Изменить стиль страницы

Глава 20

Когда я открыла дверь в свою квартиру, чтобы на следующий вечер взять еще одежду, после того как провела день, болтаясь с Рэтом в клубе, пока Дэннер шел на работу в участок, я почувствовала жар взрывного гнева, застрявшего, как спящий вулкан, в моем доме.

Зевс был там.

Сидя на том же стуле, который он занимал за нашим семейным завтраком два месяца назад, только на этот раз он сидел в полумраке, склонив голову, свободно сцепив руки между расставленными коленями, и прислонился к бедрам.

— Ты не была дома несколько месяцев, не отвечала на звонки, а когда на прошлой неделе Кресс пришла за хренью для ее магазина, три часа ждала на улице, пока ты вернешься домой после уроков, но ты не пришла. Поэтому я сел на свой байк, приехал и стал ждать. Суббота, так что я подумал, что ты будешь дома в какой-то момент. Я приехал сюда сегодня в девять утра, и, когда ты не появилась, я решил проехать мимо базы Берсеркеров, просто чтобы проверить на всякий случай.

Наконец он посмотрел на меня, и его глаза были чистыми серыми грифельными досками. — Видел тебя на заднем сиденье мотоцикла их брата Рэта, разговаривала со Жнецом, когда он стоял в дверях с твоей гребаной матерью, Харли-Роуз. Одна замечательная большая байкерская семья.
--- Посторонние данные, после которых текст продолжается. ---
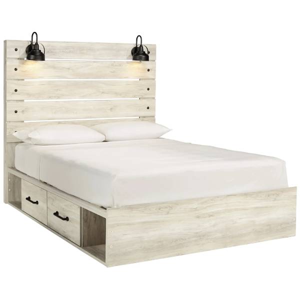 The Cambeck Queen Panel Bed with 2 Storage Drawers (SKU - B192B17) from Teletime combines rustic industrial style with practical features. Its wispy whitewash finish over replicated oak grain offers a weathered look that enhances any modern loft or farmhouse setting. This queen bed is designed with convenience in mind, featuring an open-slat style headboard equipped with retro-chic light sconces and USB plug-ins for added functionality.

Всхлип пытался вырваться из моего горла, как какой-то маленький отвратительный жук, ползущий и ползущий к свету.

Только не было света, не в этой квартире, не в этой обстановке.

Был только черный туннель.

— Поэтому я подумал, что у моей девочки какие-то проблемы, такие, которые, кажется, только она способна найти, потому что она дочь своего отца, любит быть дикой и свободной, летать по жизни, как будто у нее нет гребаных забот. Думаю, мне нужно было спуститься на землю, даже когда моя женщина на девятом месяце беременности умирала с близнецами, просто чтобы убедиться, что моя принцесса не нуждается в спасении.

Боже, его разговорный тон резко контрастировал с мертвым взглядом его прекрасных глаз. Он никогда еще не злился на меня так. Мы были бойцами, Гарро, особенно мой отец и я. Мы горели ярко-ярко, как виски в огне, а затем успокаивались, становились достаточно мягкими, чтобы поговорить о проблеме и избавиться от боли.

Это было что-то другое.

Это был не мой любящий, безумно хладнокровный отец, читающий нотации своей своенравной любимой дочери.

Это был Зевс Гарро, байкер-преступник, бывший заключенный и праведный убийца, сидящий на своем повстанческом троне и обвиняющий одного из своих солдат в предательстве.

Неверность.

Это слово прожгло дыру в моих мыслях и упало, как раскаленный уголь, в живот, разъедая там внутреннюю оболочку, пока мой желудок не сжался.

— Папочка, — попыталась объяснить я, мой голос был скорее гелием, чем звуком, высоким и ярким от испуга, — Позволь мне объяснить.

Он уставился на свои руки в кольцах, на мое имя, выведенное на внутренней стороне его сильного запястья. Другой рукой он прикрыл ее, как будто ему было больно свидетельствовать о своей любви ко мне.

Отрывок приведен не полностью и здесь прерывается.